DATASET SECTION:
┌──

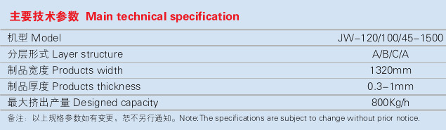 金緯機(jī)械研制開(kāi)發(fā)的PP+石粉環(huán)保片材生產(chǎn)線(xiàn),采用三臺(tái)擠出機(jī)三層或四層共擠法,選用金緯最新設(shè)計(jì)的PP+石粉專(zhuān)用排氣式螺桿結(jié)構(gòu),PLC電腦控制和自動(dòng)測(cè)厚儀跟蹤檢測(cè),從而在最大限度利用石粉比例,降低片材原料成本的基礎(chǔ)上,又確保片材的綜合物理性能和后續(xù)可加工性能,使生產(chǎn)線(xiàn)產(chǎn)能指數(shù)達(dá)到最佳狀態(tài),是目前國(guó)內(nèi)最先進(jìn)的片材機(jī)組之一。
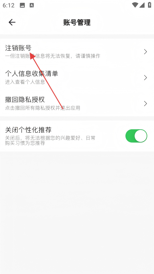4、在账号管理页面,点击【注销账号】选项,按提示完成账号注销操作。
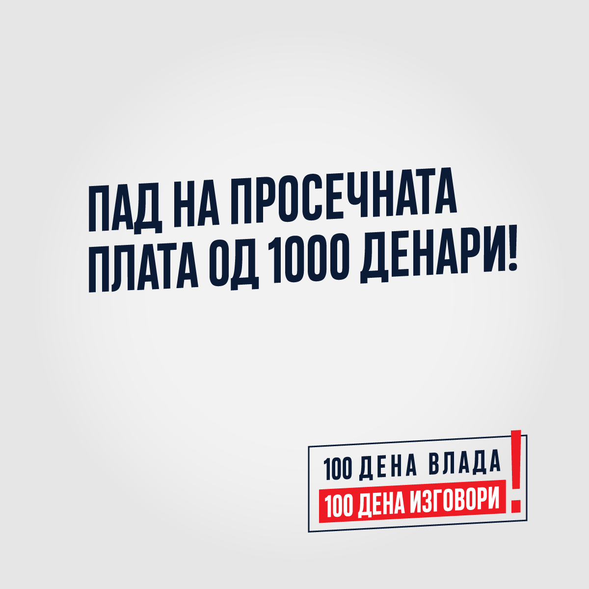 За прв пат по седум години во изминатите 100 дена граѓаните се соочија со непријатна реалност – платите почнаа да паѓаат, просечната плата се намали за цели 1.000 денари.
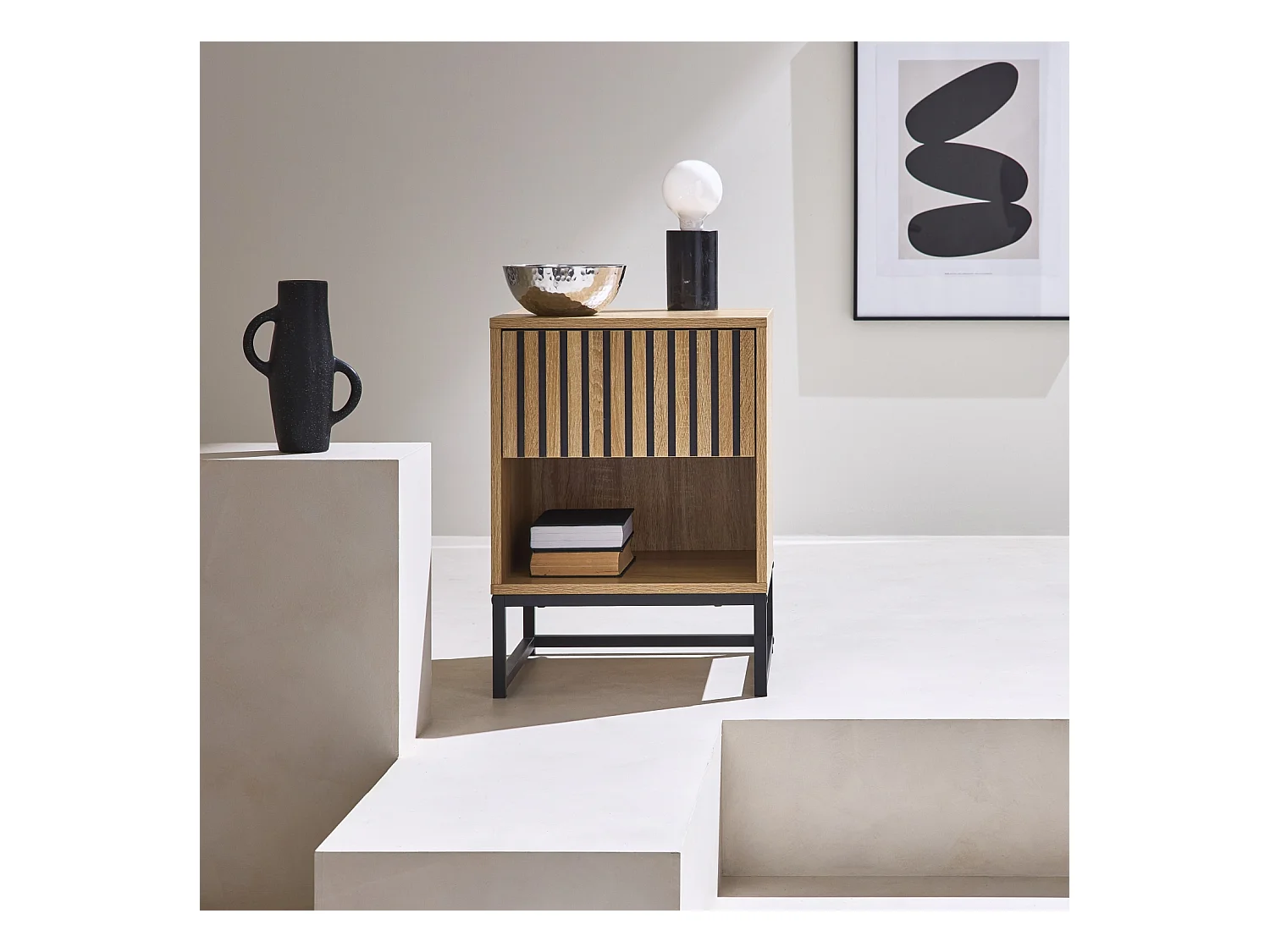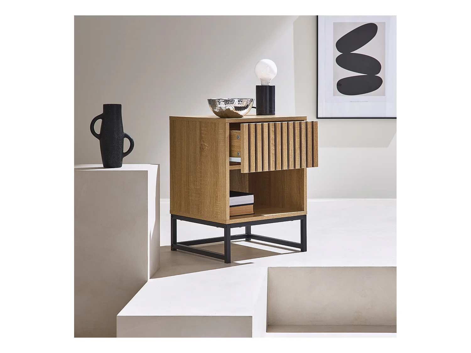 Comodino contemporaneo effetto legno scanalato con 1 cassetto, marrone

└──

WORK ITEM: Every word of the material, and none of its pictures, should be set down again.

RESULT OF THE EXERCISE:
 金緯機(jī)械研制開(kāi)發(fā)的PP+石粉環(huán)保片材生產(chǎn)線(xiàn),采用三臺(tái)擠出機(jī)三層或四層共擠法,選用金緯最新設(shè)計(jì)的PP+石粉專(zhuān)用排氣式螺桿結(jié)構(gòu),PLC電腦控制和自動(dòng)測(cè)厚儀跟蹤檢測(cè),從而在最大限度利用石粉比例,降低片材原料成本的基礎(chǔ)上,又確保片材的綜合物理性能和后續(xù)可加工性能,使生產(chǎn)線(xiàn)產(chǎn)能指數(shù)達(dá)到最佳狀態(tài),是目前國(guó)內(nèi)最先進(jìn)的片材機(jī)組之一。
4、在账号管理页面,点击【注销账号】选项,按提示完成账号注销操作。
 За прв пат по седум години во изминатите 100 дена граѓаните се соочија со непријатна реалност – платите почнаа да паѓаат, просечната плата се намали за цели 1.000 денари.
 Comodino contemporaneo effetto legno scanalato con 1 cassetto, marrone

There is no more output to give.